TASK GOAL
Every line from the one with "2023年3月31日,新疆油" to the end of the listing, and nothing else, is to be printed exactly; please leave the pictures out.

DATASET EXCERPT
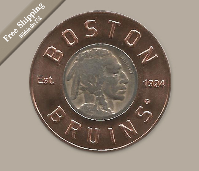 This stunning ball marker commemorates the Boston Bruins birth date with an original 1924 buffalo head nickel and is encased in copper inscribed with the team's name and on the flip side with "Original Six" and the official NHL logo . Each ball marker measures 1 7/16" and comes in a protective, drawstring pouch.
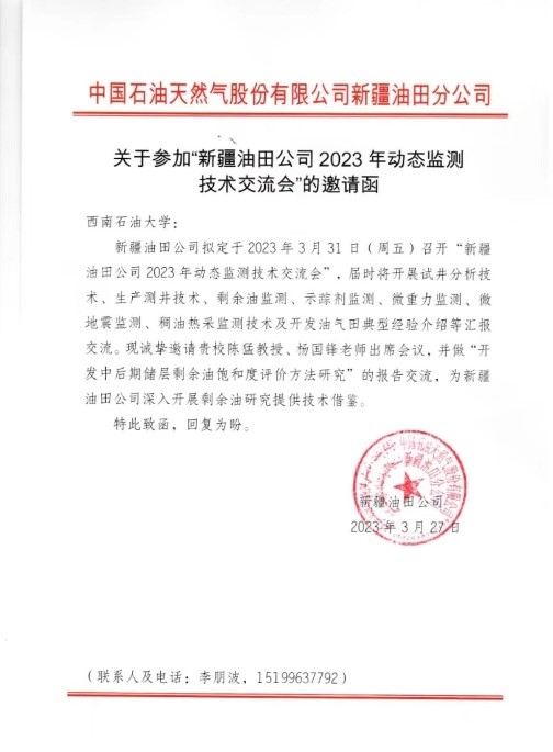 2023年3月31日,新疆油田公司在克拉玛依召开“新疆油田公司2023年动态监测技术交流会”,我院测井教研室教师陈猛和杨国锋受邀参加。会上,陈猛副研究员作了题为“开发中后期储层剩余油饱和度评价方法研究”的主题报告,报告结合新疆油田开发实际,介绍了我院“生产测井与油气藏生产动态评价”团队近年来在套后储层剩余油饱和度监测与评价方面的研究进展及生产测井方向代表性研究成果,并与参会专家展开了广泛交流讨论。
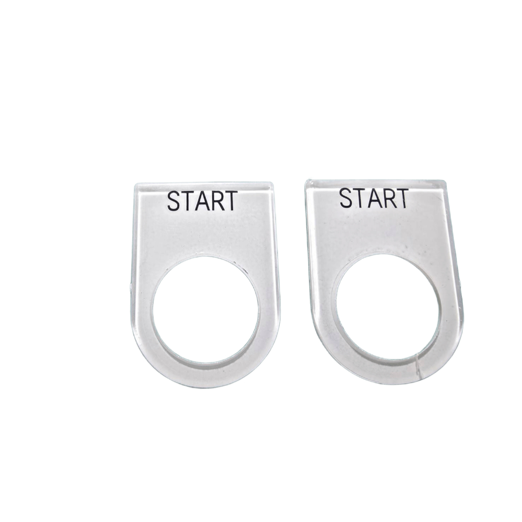 ป้ายเนมเพลท ที่มีข้อความ “START” สำหรับติดตั้งกับตู้ควบคุมหรือแผงสวิตช์อุตสาหกรรมทั่วไป
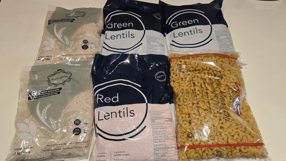 All brands new White Rice long grain x 2 Green Lentils x 2 Red Lentils x 1 Macaroni Pasta x 1 expire, March 2027

OUTPUT OF THE EXERCISE
 2023年3月31日,新疆油田公司在克拉玛依召开“新疆油田公司2023年动态监测技术交流会”,我院测井教研室教师陈猛和杨国锋受邀参加。会上,陈猛副研究员作了题为“开发中后期储层剩余油饱和度评价方法研究”的主题报告,报告结合新疆油田开发实际,介绍了我院“生产测井与油气藏生产动态评价”团队近年来在套后储层剩余油饱和度监测与评价方面的研究进展及生产测井方向代表性研究成果,并与参会专家展开了广泛交流讨论。
 ป้ายเนมเพลท ที่มีข้อความ “START” สำหรับติดตั้งกับตู้ควบคุมหรือแผงสวิตช์อุตสาหกรรมทั่วไป
 All brands new White Rice long grain x 2 Green Lentils x 2 Red Lentils x 1 Macaroni Pasta x 1 expire, March 2027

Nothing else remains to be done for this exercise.